GIVEN MATERIAL:
===============

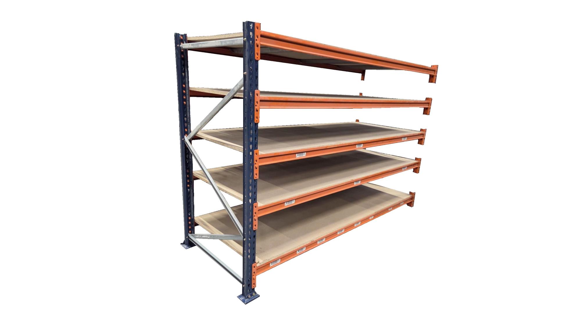 Set bestaande uit: 1x staander 200x110cm, voorgemonteerd, 10x ligger 270cm, 20x borgpen, 5x spaanplaat legbord 268x110cm, incl. 3 diepteliggers
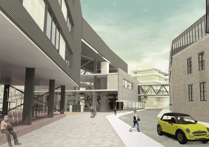 Noua clădire, care se dorește a fi realizată pe terenurile ramase libere în urma demolării atelierelor, este relaționată cu clădirea principală a fostei fabrici de încălțăminte „Pionierul”, care are valoare arhitecturală și urbanistică deosebită, printr-o pasarelă transparentă peste Strada Verzișori, reinterpretând legătura care exista între cele două terenuri. Soluția prevede ca în clădirea de patrimoniu a fabricii să fie redată funcția de producție de mici dimensiuni, pentru obiecte vestimentare și de încălțăminte unicat, transformând producția, care în trecut era de scară mare, într-una de scară restrânsă, dar de calitate superioară. Celelalte clădiri pot fi reconvertite pentru a reîntregi și a susține concret această micro-industrie, în centre de recalificare în domeniul croitoriei și al producției de încălțăminte, cu ateliere de practică și săli de curs.
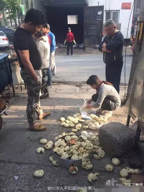 An angry man was seen shoving down the buns from a street vendor and crushing them with his feet in Beijing on Thursday, only because the vendor mistakenly gave him the wrong flavor of buns.
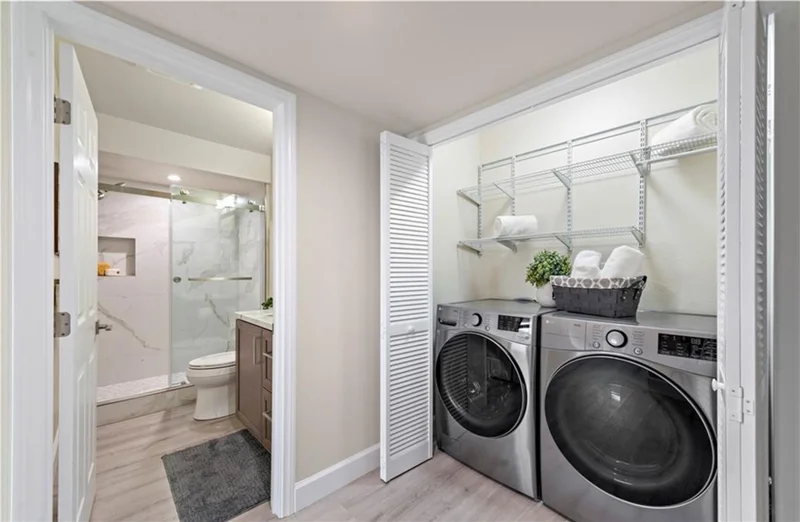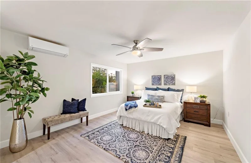 Welcome to this beautifully remodeled, single-level, no-stairs Catalina condo located in the guard-gated 55+ community of Laguna Woods Village. This 2-bedroom, 2-bath residence with 1-car garage, has been thoughtfully renovated with designer finishes and high-end upgrades throughout, offering a truly move-in-ready home. Enter through a spacious private courtyard and impressive mahogany-and-glass front door into a light-filled interior featuring new dual-pane vinyl windows, fresh paint, new flooring, and modern fixtures. The open living area is warm and inviting with recessed LED lighting and a cozy electric fireplace, perfect for relaxing or entertaining. The stunning kitchen showcases quartz countertops, soft-close cabinetry, an oversized sink, porcelain tile backsplash, stainless steel pull-out shelving, and new Samsung fingerprint-resistant appliances. Both bathrooms have been completely remodeled with large porcelain-tiled walk-in showers, including an expanded primary shower with an enclosed bench seat. Comfort is enhanced by a Fujitsu mini-split heating and air conditioning system providing individual climate control for each room. Enjoy indoor-outdoor living on the expansive covered patio with added privacy landscaping ideal for morning coffee or evening gatherings. Additional highlights include a brand-new LG washer and dryer, upgraded Kohler and Moen plumbing fixtures, Kohler toilets with GFCI receptacles for bidet seats, and a finished garage with a new aluminum overhead door and LiftMaster opener with battery backup. Residents of Laguna Woods Village enjoy an exceptional resort-style lifestyle with golf courses, pools and spas, fitness centers, tennis and pickleball courts, equestrian facilities, performing arts, countless clubs, free transportation, and 24-hour security, all just minutes from Laguna Beach and major conveniences.

===============

PROBLEM TO SOLVE:
Please give the data again unaltered, leaving out any images.

ANSWER BOX:
 Set bestaande uit: 1x staander 200x110cm, voorgemonteerd, 10x ligger 270cm, 20x borgpen, 5x spaanplaat legbord 268x110cm, incl. 3 diepteliggers
 Noua clădire, care se dorește a fi realizată pe terenurile ramase libere în urma demolării atelierelor, este relaționată cu clădirea principală a fostei fabrici de încălțăminte „Pionierul”, care are valoare arhitecturală și urbanistică deosebită, printr-o pasarelă transparentă peste Strada Verzișori, reinterpretând legătura care exista între cele două terenuri. Soluția prevede ca în clădirea de patrimoniu a fabricii să fie redată funcția de producție de mici dimensiuni, pentru obiecte vestimentare și de încălțăminte unicat, transformând producția, care în trecut era de scară mare, într-una de scară restrânsă, dar de calitate superioară. Celelalte clădiri pot fi reconvertite pentru a reîntregi și a susține concret această micro-industrie, în centre de recalificare în domeniul croitoriei și al producției de încălțăminte, cu ateliere de practică și săli de curs.
 An angry man was seen shoving down the buns from a street vendor and crushing them with his feet in Beijing on Thursday, only because the vendor mistakenly gave him the wrong flavor of buns.
 Welcome to this beautifully remodeled, single-level, no-stairs Catalina condo located in the guard-gated 55+ community of Laguna Woods Village. This 2-bedroom, 2-bath residence with 1-car garage, has been thoughtfully renovated with designer finishes and high-end upgrades throughout, offering a truly move-in-ready home. Enter through a spacious private courtyard and impressive mahogany-and-glass front door into a light-filled interior featuring new dual-pane vinyl windows, fresh paint, new flooring, and modern fixtures. The open living area is warm and inviting with recessed LED lighting and a cozy electric fireplace, perfect for relaxing or entertaining. The stunning kitchen showcases quartz countertops, soft-close cabinetry, an oversized sink, porcelain tile backsplash, stainless steel pull-out shelving, and new Samsung fingerprint-resistant appliances. Both bathrooms have been completely remodeled with large porcelain-tiled walk-in showers, including an expanded primary shower with an enclosed bench seat. Comfort is enhanced by a Fujitsu mini-split heating and air conditioning system providing individual climate control for each room. Enjoy indoor-outdoor living on the expansive covered patio with added privacy landscaping ideal for morning coffee or evening gatherings. Additional highlights include a brand-new LG washer and dryer, upgraded Kohler and Moen plumbing fixtures, Kohler toilets with GFCI receptacles for bidet seats, and a finished garage with a new aluminum overhead door and LiftMaster opener with battery backup. Residents of Laguna Woods Village enjoy an exceptional resort-style lifestyle with golf courses, pools and spas, fitness centers, tennis and pickleball courts, equestrian facilities, performing arts, countless clubs, free transportation, and 24-hour security, all just minutes from Laguna Beach and major conveniences.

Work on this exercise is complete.